The SAP Operational Data Provisioning (SAP ODP) framework consists of function modules and reports. One of its core functionalities is simplifying the data extraction and replication processes. The improved communication layer ensures the data transfer is reliable and performant. In addition, it takes care of identifying new and changed information in the source objects. So far, if you wanted to provide such capability in your Azure Data Factory pipeline, you had to create a complex logic that uses watermarks to select relevant data. Comparing creation and changed dates was highly unreliable; moreover, some of the most frequently pulled tables did not even contain such fields.

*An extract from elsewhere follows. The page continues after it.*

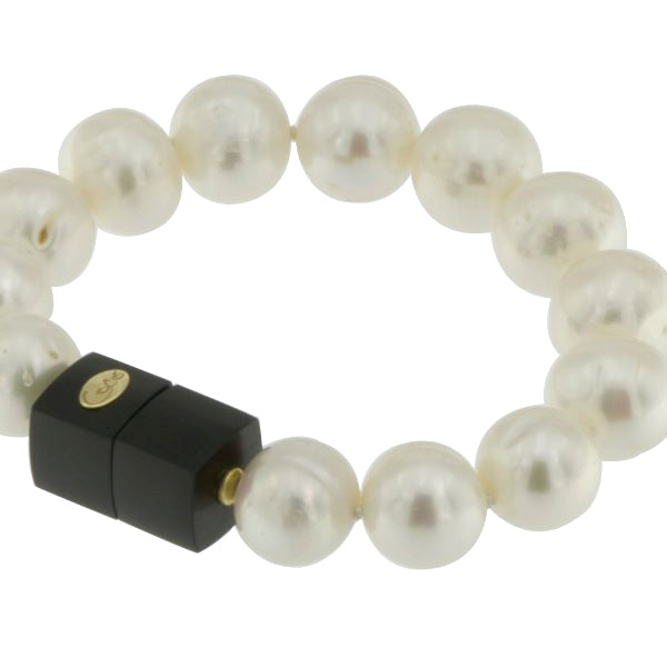 Bracciale firmato Fornieri Cocò Gioielli realizzato a mano con materiali di prima scelta: legno di ebano, argento 925 e perle naturali.

With SAP Operational Data Provisioning, you don’t have to worry about it at all. The framework works with a set of source SAP objects, including extractors, CDS Views and SLT and manage the extraction process end-to-end. The logic of correct selecting data is already built-in into these objects, so instead of re-creating it, you can focus on delivering value to your business. It’s like outsourcing complex challenges to the source system.

image001.png

 

We can distinguish two types of data sources in transactional systems, like SAP S/4HANA or SAP ERP. Tables provide highly normalized data, but they are not so efficient when it comes to analytical scenarios. In such cases, you require additional processing to transform the schema of the data. Instead, you can use Extractors and CDS Views that already provide the data in a multidimensional format and are widely used in SAP Business Warehouse. The SAP Operational Data Provisioning supports both scenarios, but accessing information stored directly in tables requires SAP SLT that uses trigger-based replication to track changes.

 

image003.png

 

The SAP Operational Data Provisioning framework is included in every modern SAP NetWeaver release, but you may need to install some notes or support packages. You can find more information in following SAP Notes:

1521883 – ODP Data Replication API 1.0

1931427 – ODP Data Replication API 2.0

 

ARCHITECTURE

 

Before we dive deep into the configuration, let’s quickly walk through the solution’s architecture and all required components. Azure Data Factory is a cloud service that orchestrates the extraction process but can’t connect directly to the data source. It needs a Self-Hosted Integration Runtime (SHIR) installed on a local server, ideally close to the source SAP system, that provides compute resources to replicate data. It goes without saying that network connectivity between the Self-Hosted Integration Runtime and the SAP system is essential for data extraction to work. Such an architecture allows replicating the data no matter where your SAP system is deployed – on-premises or in any cloud.

 

The new SAP CDC connector uses the Mapping Data Flow functionality to automatically merge subsequent delta extractions into a consistent data store. Whenever you extract new and changed information, you must carefully analyse how to treat it in relation to the target datastore. Plain inserts are insufficient – you must take care of all CRUD operations and respectively update the target storage. Otherwise, you’ll end up with inconsistencies: duplicated rows (for records updated in SAP) or lines that should not exist any longer (for records deleted from the SAP system). This is where the Mapping Data Flow comes into place. It uses the Spark engine and a set of rules to combine all extracted records together without any additional activity from your side. This job requires Azure Integration Runtime (Azure-IR), in addition to Self-Hosted Integration Runtime, which takes care of the data extraction part of the process.

 

image005.pngThe target can be any data store supported by the Azure Data Factory. However, the target store has to support upserts and deletes to use the automatic delta merge process. If you’d like to keep data in the lake, you can use Delta as the format (and this is what I use in this post). If you use the traditional parquet format, the merge process won’t work, and you’ll have to implement it manually as a post-processing step. Of course, you can also use any relational database like SQL Server.

 

DEPLOYING INTEGRATION RUNTIMES

 

The Self-Hosted Integration Runtime uses the SAP proprietary RFC protocol to communicate with the Operational Data Provisioning framework. Therefore it requires the SAP .NET libraries to be installed on the same server to initiate the connection. You can download it from here:

SAP Connector for Microsoft .NET

 

I suggest always using the latest version available. During the installation, choose to Install Assemblies to GAC. Otherwise, the Self-Hosted Integration Runtime won’t find these libraries, and the connection to the SAP system will fail.

image007.png

 

Once you have the .NET libraries on the server, you can download and install the Self-Hosted Integration Runtime.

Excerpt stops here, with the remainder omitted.